One scheme to avoid overhead involves using pointer sizes that are larger than the physical or logical memory available to the application. One can store some information in those unused bits, but they would also count as overhead if their number exceeds a processor word size. Generally, only a hand full of bits are used and those identify which of the memory managers internal pools the memory comes from. The later, implies additonal overhead of pointers to pools. This brings us to real world systems, where the heap manager implementation is tuned to the OS, hardware architecture and typical usage patterns.
Most hosted implementations (hosted == runs on OS) request one or more memory blocks from the operating system in the c-runtime initialization phase. OS memory management calls are expensive in time and space. The OS has it's own memory manager, with its own overhead set, driven by its own design criteria and usage patterns. So c-runtime heap managers attempt to limit the number of calls into the OS memory manager, in order to reduce the latency of the average call to malloc() and free(). Most request the first block from the OS when malloc is first called, but this usually happens at some point in the c-runtime initialization code. This first block is usually a low multiple of the system page size, which can be one or more orders of magnitude larger than the size requested in the initial malloc() call.

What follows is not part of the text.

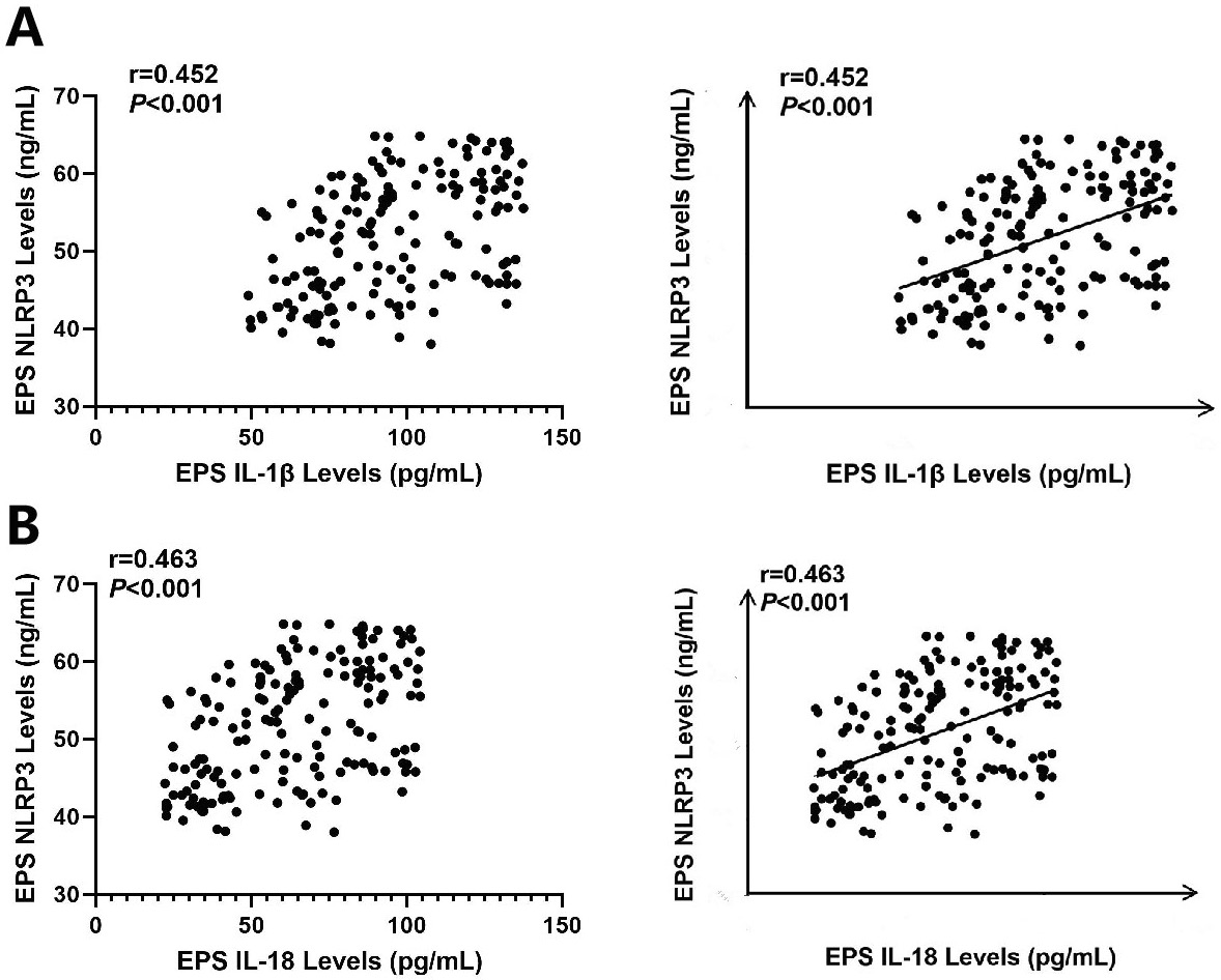 Interleukin 1 beta and IL-18 have been shown to be important markers in CP/CPPS. Interleukin 1 beta18 and IL-1819 have been implicated as potential triggers of CP progression. In this study, EPS NLRP3 levels were positively correlated with EPS IL-1β levels (Spearman’s correlation, r = 0.345, T(N-2) = 165, p < 0.001) (Figure 5A) and IL-18 levels (Spearman’s correlation, r = 0.326, T(N-2) = 165, p < 0.001) (Figure 5B).
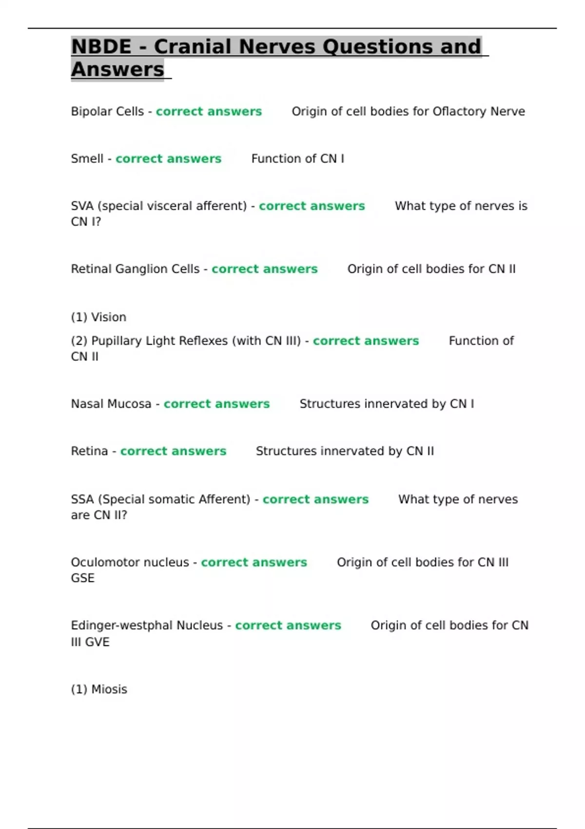 , NBDE - Cranial Nerves Questions and

At this point it is obvious that heap manager overhead is extremely fluid and difficult to quantify. On a typical modern system, the heap manager must track multiple blocks of memory allocated from the OS, how many bytes are currently allocated to the application in each of those blocks and potentially, how much time has passed since a block went to zero. Then there's the overhead of tracking allocations from within each of those blocks.
Generally malloc rounds up to a minimum alignment boundary and often this is not special cased for small allocations as applications are expected to aggregate many of these into a single allocation. The minimum alignment is often based on the largest required alignment for a load instruction in the architecture the code is running on. So with 128-bit SIMD (e.g. SSE or NEON) the minimum is 16 bytes. In practice there is a header as well which causes the minimum cost in size to be doubled. As SIMD register widths have increased, malloc hasn't increased it's guaranteed alignment.
As was pointed out, the minimum possible overhead is 0. Though the pointer itself should probably be counted in any reasonable analysis. In a garbage collector design, at least one pointer to the data has to be present. In straight a non-GC design, one has to have a pointer to call free, but there's not an iron clad requirement it has to be called. One could theoretically compress a bunch of pointers together into less space as well, but now we're into an analysis of the entropy of the bits in the pointers. Point being you likely need to specify some more constraints to get a really solid answer.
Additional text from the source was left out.